IP: Some thoughts by Dave Farber (me) on Living Riskier Electronically

[Dave Farber <farber () cis upenn edu>]

I have gotten several notes re the Times article and have noted Bob 
Morris's comment [ I knew Bob first when his Dad Bob Morris put him in my 
arms at Bell Labs djf]

There are two areas of attack on the Internet. The first and the one we 
primarily have seen are primarily attacks on the user and server software. 
They will always be subject to what one could call the ECM turnstile. We 
will get attacked and the software will be fixed and the attackers will 
search for new vulnerabilities and we will get hit and fix those and it 
will be a endless round and round. Proper  attention to correct security 
design in new products would help a lot. Better hardware systems to ensure 
the ability to build secure software will help. Bob's concerns address this 
point. What I worry about is that future and maybe current attackers will 
not be high school kids but very smart and with it professionals with a cause.

I am a lot more worried by attacks on that part of the Internet that lies 
in its arterial structure -- namely the  set of protocols and software that 
control the routers and traffic systems of the core internet. Much of the 
protocols were designed in those happy old days (well reasonably happy). I 
and others I have spoken to have little confidence that there are not a 
number of interesting attacks which can do a number on the internet 
communications system with result similar to the failure of the SS7 part of 
the POTS network (not the same causes).

We also may be constructing a commercial environment which is very 
vulnerable to  reliability failures due to limited peering relationships.

I for one would like to understand just how solid or vulnerable  we 
actually are so we can fix it and as we fix it we can tell senior policy 
makers and the congress what the true state of the net is.

Dave


"The Net's going to go fumbling along until there's a massive intrusion," 
said Dave Farber, an Internet pioneer and chief technologist for the 
Federal Communications Commission. "Then everything will hit the fan. 
Congress is going to go ballistic, and we're going to panic our way into 
doing something."

"The Internet was built in an age when we all knew each other, we all 
trusted each other, we were talking about where to have dinner and what 
silver futures to buy," said Mr. Farber, speaking of the scientists who 
built it. "Now we've moved it into an environment where the country counts 
on it. And it's very hard to retrofit security."

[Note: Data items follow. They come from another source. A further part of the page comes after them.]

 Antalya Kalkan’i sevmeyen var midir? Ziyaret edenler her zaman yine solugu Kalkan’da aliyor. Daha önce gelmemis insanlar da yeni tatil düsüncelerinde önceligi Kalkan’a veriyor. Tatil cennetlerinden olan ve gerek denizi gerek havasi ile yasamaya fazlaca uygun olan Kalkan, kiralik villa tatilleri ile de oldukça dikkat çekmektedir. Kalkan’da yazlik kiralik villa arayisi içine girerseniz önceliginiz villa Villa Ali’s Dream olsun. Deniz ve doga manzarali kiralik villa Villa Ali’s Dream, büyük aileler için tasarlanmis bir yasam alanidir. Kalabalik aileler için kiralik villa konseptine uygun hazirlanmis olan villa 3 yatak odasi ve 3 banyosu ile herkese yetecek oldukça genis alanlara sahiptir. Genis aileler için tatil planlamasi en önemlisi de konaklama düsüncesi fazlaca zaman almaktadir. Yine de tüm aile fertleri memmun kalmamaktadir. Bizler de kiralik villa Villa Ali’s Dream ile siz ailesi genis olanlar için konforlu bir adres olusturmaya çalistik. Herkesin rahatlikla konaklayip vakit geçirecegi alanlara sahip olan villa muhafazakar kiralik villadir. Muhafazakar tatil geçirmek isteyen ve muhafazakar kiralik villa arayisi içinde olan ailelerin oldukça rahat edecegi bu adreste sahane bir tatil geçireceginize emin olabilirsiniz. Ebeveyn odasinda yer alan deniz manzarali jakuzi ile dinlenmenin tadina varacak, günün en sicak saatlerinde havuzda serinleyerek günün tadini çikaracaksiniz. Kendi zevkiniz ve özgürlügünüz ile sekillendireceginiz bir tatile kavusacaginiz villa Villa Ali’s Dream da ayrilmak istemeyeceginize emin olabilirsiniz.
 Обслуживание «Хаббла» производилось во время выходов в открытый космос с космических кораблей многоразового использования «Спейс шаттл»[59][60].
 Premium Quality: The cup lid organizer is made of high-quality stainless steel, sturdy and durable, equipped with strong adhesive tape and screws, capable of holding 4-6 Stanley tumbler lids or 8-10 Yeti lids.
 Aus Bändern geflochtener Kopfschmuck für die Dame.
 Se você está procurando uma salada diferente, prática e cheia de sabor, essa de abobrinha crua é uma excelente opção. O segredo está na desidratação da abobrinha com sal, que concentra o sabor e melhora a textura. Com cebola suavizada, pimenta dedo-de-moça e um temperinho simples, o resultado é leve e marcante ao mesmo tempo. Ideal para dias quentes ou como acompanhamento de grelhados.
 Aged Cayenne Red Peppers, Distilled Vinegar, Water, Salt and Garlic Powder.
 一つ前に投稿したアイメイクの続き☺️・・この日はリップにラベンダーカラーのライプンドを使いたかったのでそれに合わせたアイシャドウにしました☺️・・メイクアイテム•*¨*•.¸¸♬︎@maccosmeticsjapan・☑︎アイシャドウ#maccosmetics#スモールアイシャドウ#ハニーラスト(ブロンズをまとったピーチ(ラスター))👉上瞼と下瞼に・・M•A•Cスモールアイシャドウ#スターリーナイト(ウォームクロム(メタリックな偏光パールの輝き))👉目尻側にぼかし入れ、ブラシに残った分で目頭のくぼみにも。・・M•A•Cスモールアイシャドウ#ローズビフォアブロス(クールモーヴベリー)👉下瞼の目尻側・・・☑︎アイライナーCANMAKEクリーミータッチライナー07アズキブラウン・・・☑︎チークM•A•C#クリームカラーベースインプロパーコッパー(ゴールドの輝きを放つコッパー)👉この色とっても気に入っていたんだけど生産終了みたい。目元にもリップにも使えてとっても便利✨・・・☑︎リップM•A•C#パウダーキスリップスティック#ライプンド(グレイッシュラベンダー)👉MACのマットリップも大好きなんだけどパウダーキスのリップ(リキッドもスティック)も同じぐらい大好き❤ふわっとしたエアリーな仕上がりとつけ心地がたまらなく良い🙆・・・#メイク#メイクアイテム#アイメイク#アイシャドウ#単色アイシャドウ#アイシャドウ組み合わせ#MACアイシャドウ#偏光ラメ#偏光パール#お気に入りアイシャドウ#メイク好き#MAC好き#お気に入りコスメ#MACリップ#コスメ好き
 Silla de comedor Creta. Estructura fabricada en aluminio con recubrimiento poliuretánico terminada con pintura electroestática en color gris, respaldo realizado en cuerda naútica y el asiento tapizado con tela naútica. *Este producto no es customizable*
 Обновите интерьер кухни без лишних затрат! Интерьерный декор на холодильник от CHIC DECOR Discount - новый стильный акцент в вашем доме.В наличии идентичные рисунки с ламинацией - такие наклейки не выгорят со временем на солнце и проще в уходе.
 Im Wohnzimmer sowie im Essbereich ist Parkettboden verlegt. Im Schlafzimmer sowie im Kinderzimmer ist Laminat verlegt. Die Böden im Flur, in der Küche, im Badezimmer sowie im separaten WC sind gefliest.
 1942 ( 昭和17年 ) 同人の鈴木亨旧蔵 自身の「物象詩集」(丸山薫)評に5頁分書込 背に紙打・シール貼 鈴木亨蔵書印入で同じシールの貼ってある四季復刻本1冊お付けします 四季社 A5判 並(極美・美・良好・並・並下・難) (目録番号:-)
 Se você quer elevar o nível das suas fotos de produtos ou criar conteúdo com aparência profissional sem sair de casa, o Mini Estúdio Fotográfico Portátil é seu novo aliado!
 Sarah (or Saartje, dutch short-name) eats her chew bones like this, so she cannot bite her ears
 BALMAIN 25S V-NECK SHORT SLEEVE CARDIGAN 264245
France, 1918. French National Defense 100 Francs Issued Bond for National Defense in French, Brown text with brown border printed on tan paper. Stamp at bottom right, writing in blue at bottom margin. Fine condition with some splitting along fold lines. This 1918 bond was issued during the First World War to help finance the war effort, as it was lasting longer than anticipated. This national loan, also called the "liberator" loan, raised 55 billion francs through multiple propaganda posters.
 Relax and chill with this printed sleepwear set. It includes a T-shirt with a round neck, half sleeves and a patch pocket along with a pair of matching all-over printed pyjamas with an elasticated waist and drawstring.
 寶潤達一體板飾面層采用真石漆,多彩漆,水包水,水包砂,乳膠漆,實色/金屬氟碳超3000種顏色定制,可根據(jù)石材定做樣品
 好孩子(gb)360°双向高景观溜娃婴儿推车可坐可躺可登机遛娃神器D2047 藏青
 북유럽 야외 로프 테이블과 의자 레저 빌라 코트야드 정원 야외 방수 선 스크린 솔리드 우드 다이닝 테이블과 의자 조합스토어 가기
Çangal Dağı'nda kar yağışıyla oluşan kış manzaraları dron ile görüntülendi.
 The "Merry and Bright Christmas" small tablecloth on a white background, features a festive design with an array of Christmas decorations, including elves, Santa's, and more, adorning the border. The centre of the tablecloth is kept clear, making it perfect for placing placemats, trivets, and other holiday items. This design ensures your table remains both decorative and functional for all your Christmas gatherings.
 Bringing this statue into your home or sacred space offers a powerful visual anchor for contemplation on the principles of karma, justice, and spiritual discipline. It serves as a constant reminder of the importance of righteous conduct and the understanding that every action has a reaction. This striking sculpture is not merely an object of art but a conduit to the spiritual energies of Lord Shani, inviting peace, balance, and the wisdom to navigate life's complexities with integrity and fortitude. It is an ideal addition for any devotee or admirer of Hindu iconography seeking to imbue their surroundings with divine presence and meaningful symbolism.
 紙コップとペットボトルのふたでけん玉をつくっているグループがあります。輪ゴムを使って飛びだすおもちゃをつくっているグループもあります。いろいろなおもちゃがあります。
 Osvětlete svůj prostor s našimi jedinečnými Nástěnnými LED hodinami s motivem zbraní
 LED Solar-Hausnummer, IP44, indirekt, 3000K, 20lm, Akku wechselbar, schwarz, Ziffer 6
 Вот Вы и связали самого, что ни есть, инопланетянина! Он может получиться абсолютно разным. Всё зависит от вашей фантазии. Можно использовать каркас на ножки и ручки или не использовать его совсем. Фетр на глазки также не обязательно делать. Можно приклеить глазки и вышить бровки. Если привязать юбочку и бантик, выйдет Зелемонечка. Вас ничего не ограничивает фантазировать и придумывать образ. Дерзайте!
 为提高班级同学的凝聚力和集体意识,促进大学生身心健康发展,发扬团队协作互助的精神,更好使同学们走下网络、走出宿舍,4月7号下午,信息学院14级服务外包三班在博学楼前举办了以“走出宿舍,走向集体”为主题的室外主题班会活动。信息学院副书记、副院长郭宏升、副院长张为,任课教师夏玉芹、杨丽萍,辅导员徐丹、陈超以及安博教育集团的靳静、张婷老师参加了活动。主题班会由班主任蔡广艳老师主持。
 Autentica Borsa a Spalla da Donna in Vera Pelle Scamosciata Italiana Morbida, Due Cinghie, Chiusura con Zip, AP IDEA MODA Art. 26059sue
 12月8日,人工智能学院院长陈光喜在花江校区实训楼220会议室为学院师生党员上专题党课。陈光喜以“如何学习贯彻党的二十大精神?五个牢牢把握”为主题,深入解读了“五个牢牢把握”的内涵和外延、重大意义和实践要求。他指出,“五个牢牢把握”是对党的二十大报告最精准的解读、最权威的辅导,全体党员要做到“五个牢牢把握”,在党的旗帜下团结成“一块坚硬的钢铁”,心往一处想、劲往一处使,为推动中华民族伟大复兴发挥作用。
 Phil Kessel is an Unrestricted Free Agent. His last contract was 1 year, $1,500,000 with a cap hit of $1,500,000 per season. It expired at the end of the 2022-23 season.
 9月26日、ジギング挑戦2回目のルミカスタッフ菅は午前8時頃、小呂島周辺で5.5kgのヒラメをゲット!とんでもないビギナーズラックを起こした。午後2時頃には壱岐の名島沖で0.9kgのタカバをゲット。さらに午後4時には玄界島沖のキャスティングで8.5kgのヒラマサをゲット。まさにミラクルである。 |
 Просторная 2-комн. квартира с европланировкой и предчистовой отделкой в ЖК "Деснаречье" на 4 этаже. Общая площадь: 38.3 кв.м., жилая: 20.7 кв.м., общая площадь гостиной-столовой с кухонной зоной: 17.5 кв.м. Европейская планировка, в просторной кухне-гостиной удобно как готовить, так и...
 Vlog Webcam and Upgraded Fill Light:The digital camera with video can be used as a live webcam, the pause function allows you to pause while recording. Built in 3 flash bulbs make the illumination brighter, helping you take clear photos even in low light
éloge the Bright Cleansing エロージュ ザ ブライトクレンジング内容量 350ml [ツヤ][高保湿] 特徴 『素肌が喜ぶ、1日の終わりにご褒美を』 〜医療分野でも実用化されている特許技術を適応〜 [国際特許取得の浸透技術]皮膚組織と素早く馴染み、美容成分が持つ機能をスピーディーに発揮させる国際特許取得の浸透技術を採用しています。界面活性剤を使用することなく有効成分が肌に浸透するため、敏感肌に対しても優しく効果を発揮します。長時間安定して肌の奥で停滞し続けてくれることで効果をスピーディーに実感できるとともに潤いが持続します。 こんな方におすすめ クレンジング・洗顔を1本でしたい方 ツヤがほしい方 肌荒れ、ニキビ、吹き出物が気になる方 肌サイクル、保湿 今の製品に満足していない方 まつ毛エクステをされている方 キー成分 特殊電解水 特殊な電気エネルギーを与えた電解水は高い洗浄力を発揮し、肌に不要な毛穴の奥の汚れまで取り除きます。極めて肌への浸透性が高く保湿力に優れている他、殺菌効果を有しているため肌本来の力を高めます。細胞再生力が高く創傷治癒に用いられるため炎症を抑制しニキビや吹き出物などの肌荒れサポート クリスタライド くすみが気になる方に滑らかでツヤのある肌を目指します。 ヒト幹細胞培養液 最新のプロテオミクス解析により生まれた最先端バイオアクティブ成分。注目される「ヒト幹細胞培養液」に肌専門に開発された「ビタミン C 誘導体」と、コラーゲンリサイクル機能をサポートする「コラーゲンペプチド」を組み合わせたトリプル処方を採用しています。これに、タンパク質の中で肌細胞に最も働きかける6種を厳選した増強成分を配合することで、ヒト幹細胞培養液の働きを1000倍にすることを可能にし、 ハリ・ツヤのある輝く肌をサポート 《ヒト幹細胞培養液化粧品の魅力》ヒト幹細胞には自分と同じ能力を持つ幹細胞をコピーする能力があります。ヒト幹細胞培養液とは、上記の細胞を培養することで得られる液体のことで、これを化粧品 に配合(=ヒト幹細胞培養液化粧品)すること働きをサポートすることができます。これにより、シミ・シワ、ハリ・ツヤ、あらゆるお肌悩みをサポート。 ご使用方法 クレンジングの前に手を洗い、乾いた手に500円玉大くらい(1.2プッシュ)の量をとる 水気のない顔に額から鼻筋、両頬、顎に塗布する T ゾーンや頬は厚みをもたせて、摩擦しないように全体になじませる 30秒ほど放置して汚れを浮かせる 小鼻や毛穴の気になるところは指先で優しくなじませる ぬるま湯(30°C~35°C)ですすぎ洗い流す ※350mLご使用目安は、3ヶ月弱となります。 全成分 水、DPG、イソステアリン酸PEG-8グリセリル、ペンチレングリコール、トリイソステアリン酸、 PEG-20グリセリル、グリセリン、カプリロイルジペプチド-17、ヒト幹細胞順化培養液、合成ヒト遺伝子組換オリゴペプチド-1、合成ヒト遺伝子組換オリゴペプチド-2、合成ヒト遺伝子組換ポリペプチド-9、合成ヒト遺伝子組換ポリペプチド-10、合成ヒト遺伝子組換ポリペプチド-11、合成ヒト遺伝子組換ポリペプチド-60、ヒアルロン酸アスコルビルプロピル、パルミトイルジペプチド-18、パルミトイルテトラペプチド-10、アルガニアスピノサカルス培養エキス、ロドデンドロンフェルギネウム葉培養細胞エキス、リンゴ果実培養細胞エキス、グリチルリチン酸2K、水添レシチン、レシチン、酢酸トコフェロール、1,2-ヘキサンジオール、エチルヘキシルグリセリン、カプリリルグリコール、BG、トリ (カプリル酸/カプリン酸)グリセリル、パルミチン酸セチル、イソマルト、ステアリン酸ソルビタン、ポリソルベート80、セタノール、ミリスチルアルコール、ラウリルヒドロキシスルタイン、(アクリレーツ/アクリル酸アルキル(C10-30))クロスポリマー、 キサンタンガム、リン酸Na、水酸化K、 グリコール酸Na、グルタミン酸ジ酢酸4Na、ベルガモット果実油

"The opportunity for things to go wrong is always increasing," said Robert 
Morris, an assistant professor of computer science at the Massachusetts 
Institute of Technology who is perhaps better known as the creator of the 
first Internet worm, which crippled the network in 1988. "More people are 
also going after things. But it's not clear who's going to win, the people 
who write software with bugs or the people trying to fix the bugs."